Only the text of the records belongs in the answer, copied exactly and without pictures.

_____

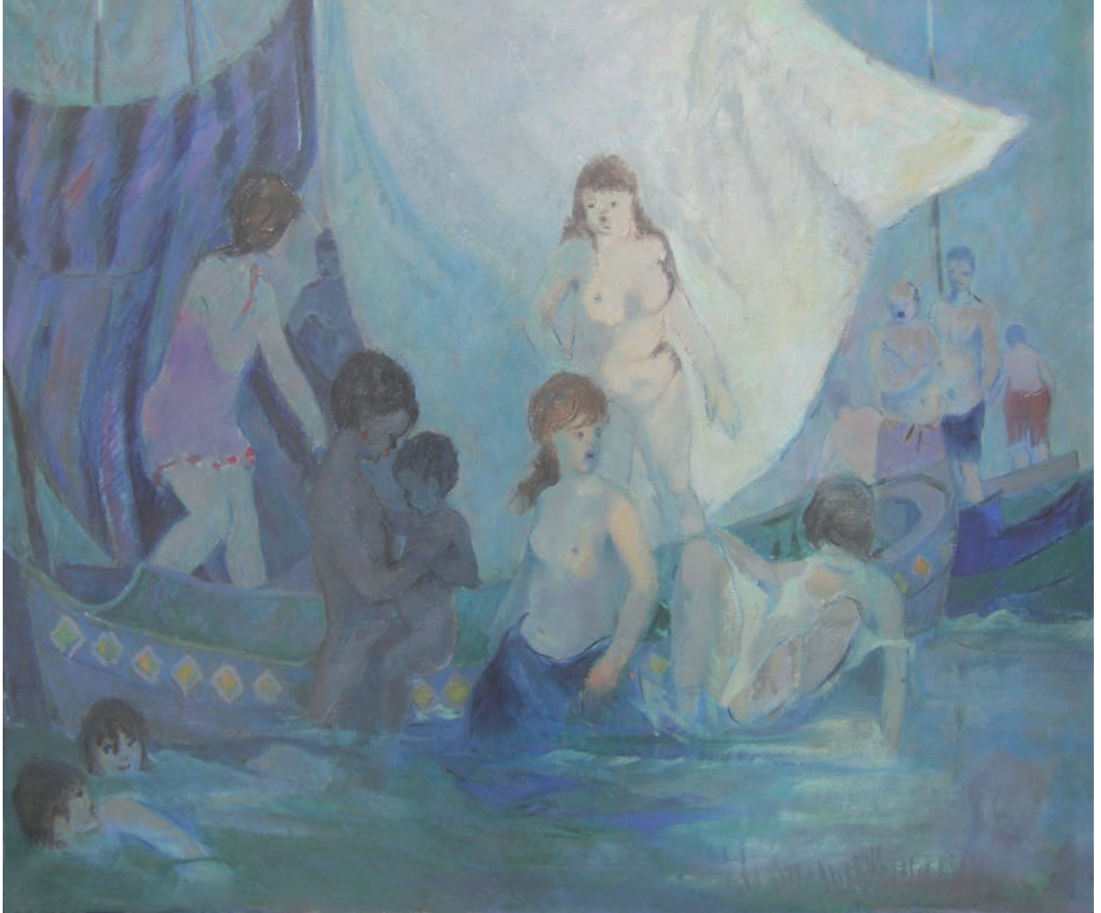
KARADENİZ'DE MAYIS YEDİSİ, 1971, 76 x 87 Tuval üzerine yağlıboya
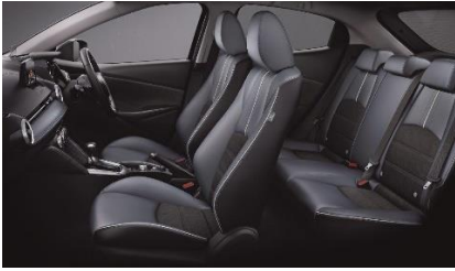
MAZDA2「XD L Package」
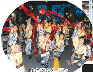
よさこいソーラン
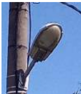
Typ 1 - MALAGA PHILIPS 70W : 27 ks
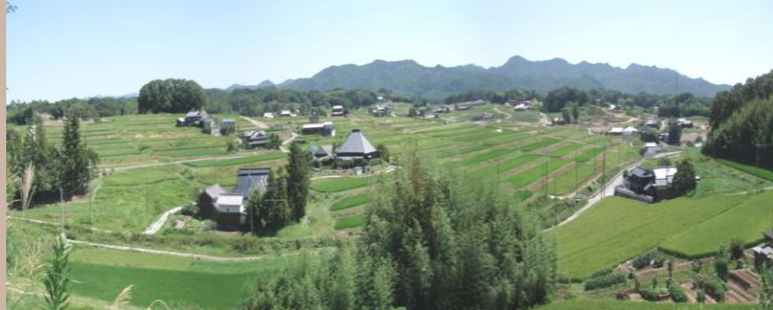
田んぼなどを整形する基盤整備事業
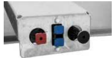
Bremssystem mit Federspeicher-Feststellbremse
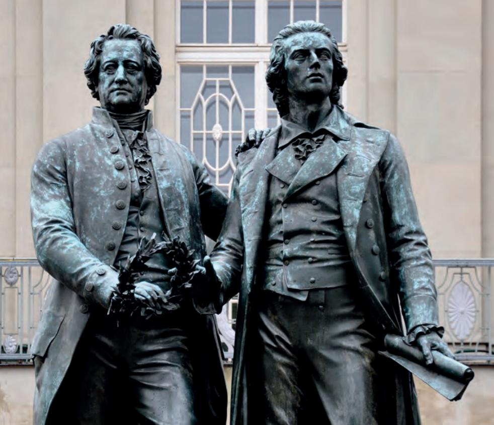
Monumento di Goethe e Schiller a Weimar (DE)

Stefano Zecchi è stato professore ordinario di Filosofia nell'Università degli Studi di Padova e di Estetica nell'Università degli Studi di Milano, docente in numerosi atenei stranieri, tra cui quello che più gli è rimasto nel cuore è l'Università Tagore di Calcutta, in India. Oltre all'insegnamento, ha ricoperto importanti incarichi amministrativi: Presidente dell'Accademia di belle Arti di Brera, rappresentante del Ministero della Pubblica Istruzione presso l'UNESCO per la tutela dei beni immateriali, membro del consiglio dell'Irer (Istituto per la programmazione scientifica e culturale della Regione Lombardia), consigliere d'amministrazione del Piccolo Teatro di Milano, della Fondazione La Verdi di Milano, del Teatro Parenti di Milano, del MAXXI (Museo dell'arte del XXI secolo) di Roma.
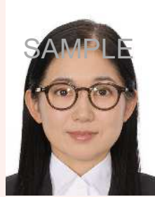
眼鏡に照明が反射したものの
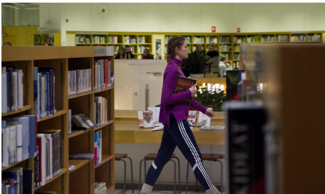
Kuva 8: Kuva teoksesta. Visa Timonen 2016.

Koen, että teoksesta tekee toimivan nimenomaan tanssijoiden välinen toisten havainnointi, avoimuus ja luottamus. Teoksen aikana monet päätökset syntyvät joko tanssijoiden yhteisenä päätöksenä tai siten, että joku ehdottaa muutosta ja toivoo tai luottaa, että muut tukevat ja seuraavat. Tämä ei onnistuisi, ilman tanssijoiden välistä avoimuutta ja luottamusta, joiden koen olevan edellytyksenä improvisaation onnistumiselle.
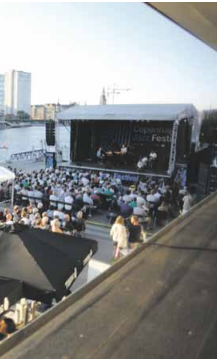
Jazz og vand spiller godt sammen.
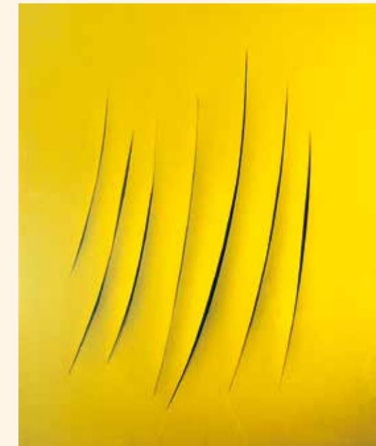
Lucio Fontana Concetto Spaziale (Raumkonzept) , 1962
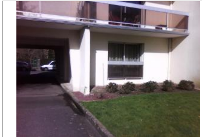
Vue d'ensemble de la façade du bâtiment d'habitation

Coordonnées WGS84 : X: -4.10997860 / Y: 48.00183150
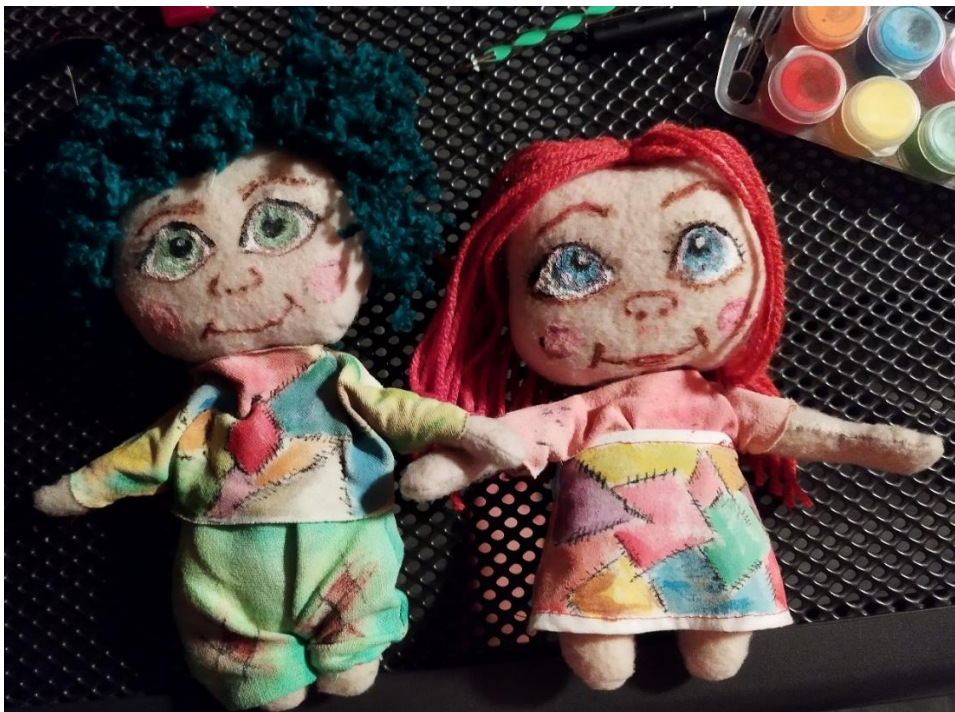
Slika 14: Lutke Bela i Vigo

Lica lutaka oslikana su akrilnim bojama koje nakon sušenja postanu izdržljive i otporne na habanje, što je važno jer će se djeca u vrtiću svakodnevno igrati tim lutkama. Akrilne boje stvorile su detaljna i estetski privlačna lica lutaka, čineći ih živima i obogaćujući njihov karakter. Za kosu lutaka koristila sam vunu koju sam izrezala na rese, nizala u pramenove i prišila na glavu. Ovime su lutke oživjele, dobile dušu i sjedinile svoje karaktere.
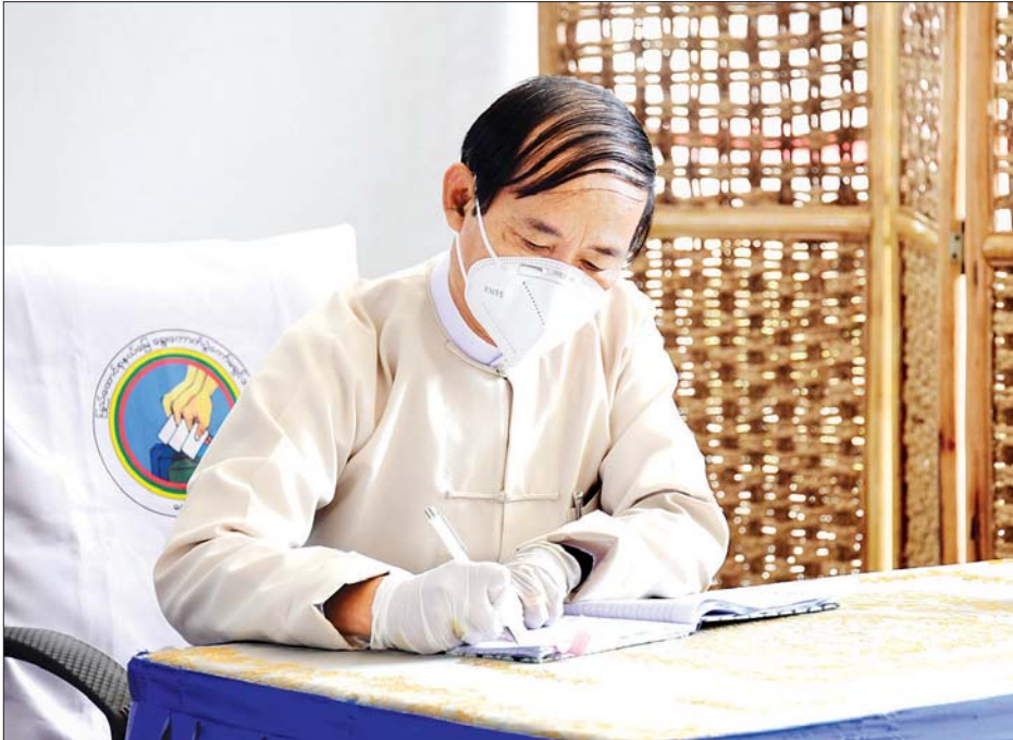
နိုင်ငံတော်သမ္မတ ဦးဝင်းမြင့် မဲဆန္ဒနယ်ပြင်ပသို့ ပုံစံ - ၁၅ ထုတ်ပေးမှုနှင့် ဆန္ဒမဲပေးပြီးကြောင်း မှတ်တမ်းစာအုပ်တွင် လက်မှတ်ရေးထိုးစဉ်။ (သတင်းရှေ့ဖုံး) သတင်းစဉ်

_____

* **EXERCISE RESULT**
KARADENİZ'DE MAYIS YEDİSİ, 1971, 76 x 87 Tuval üzerine yağlıboya
MAZDA2「XD L Package」
よさこいソーラン
Typ 1 - MALAGA PHILIPS 70W : 27 ks
田んぼなどを整形する基盤整備事業
Bremssystem mit Federspeicher-Feststellbremse
Monumento di Goethe e Schiller a Weimar (DE)

Stefano Zecchi è stato professore ordinario di Filosofia nell'Università degli Studi di Padova e di Estetica nell'Università degli Studi di Milano, docente in numerosi atenei stranieri, tra cui quello che più gli è rimasto nel cuore è l'Università Tagore di Calcutta, in India. Oltre all'insegnamento, ha ricoperto importanti incarichi amministrativi: Presidente dell'Accademia di belle Arti di Brera, rappresentante del Ministero della Pubblica Istruzione presso l'UNESCO per la tutela dei beni immateriali, membro del consiglio dell'Irer (Istituto per la programmazione scientifica e culturale della Regione Lombardia), consigliere d'amministrazione del Piccolo Teatro di Milano, della Fondazione La Verdi di Milano, del Teatro Parenti di Milano, del MAXXI (Museo dell'arte del XXI secolo) di Roma.
眼鏡に照明が反射したものの
Kuva 8: Kuva teoksesta. Visa Timonen 2016.

Koen, että teoksesta tekee toimivan nimenomaan tanssijoiden välinen toisten havainnointi, avoimuus ja luottamus. Teoksen aikana monet päätökset syntyvät joko tanssijoiden yhteisenä päätöksenä tai siten, että joku ehdottaa muutosta ja toivoo tai luottaa, että muut tukevat ja seuraavat. Tämä ei onnistuisi, ilman tanssijoiden välistä avoimuutta ja luottamusta, joiden koen olevan edellytyksenä improvisaation onnistumiselle.
Jazz og vand spiller godt sammen.
Lucio Fontana Concetto Spaziale (Raumkonzept) , 1962
Vue d'ensemble de la façade du bâtiment d'habitation

Coordonnées WGS84 : X: -4.10997860 / Y: 48.00183150
Slika 14: Lutke Bela i Vigo

Lica lutaka oslikana su akrilnim bojama koje nakon sušenja postanu izdržljive i otporne na habanje, što je važno jer će se djeca u vrtiću svakodnevno igrati tim lutkama. Akrilne boje stvorile su detaljna i estetski privlačna lica lutaka, čineći ih živima i obogaćujući njihov karakter. Za kosu lutaka koristila sam vunu koju sam izrezala na rese, nizala u pramenove i prišila na glavu. Ovime su lutke oživjele, dobile dušu i sjedinile svoje karaktere.
နိုင်ငံတော်သမ္မတ ဦးဝင်းမြင့် မဲဆန္ဒနယ်ပြင်ပသို့ ပုံစံ - ၁၅ ထုတ်ပေးမှုနှင့် ဆန္ဒမဲပေးပြီးကြောင်း မှတ်တမ်းစာအုပ်တွင် လက်မှတ်ရေးထိုးစဉ်။ (သတင်းရှေ့ဖုံး) သတင်းစဉ်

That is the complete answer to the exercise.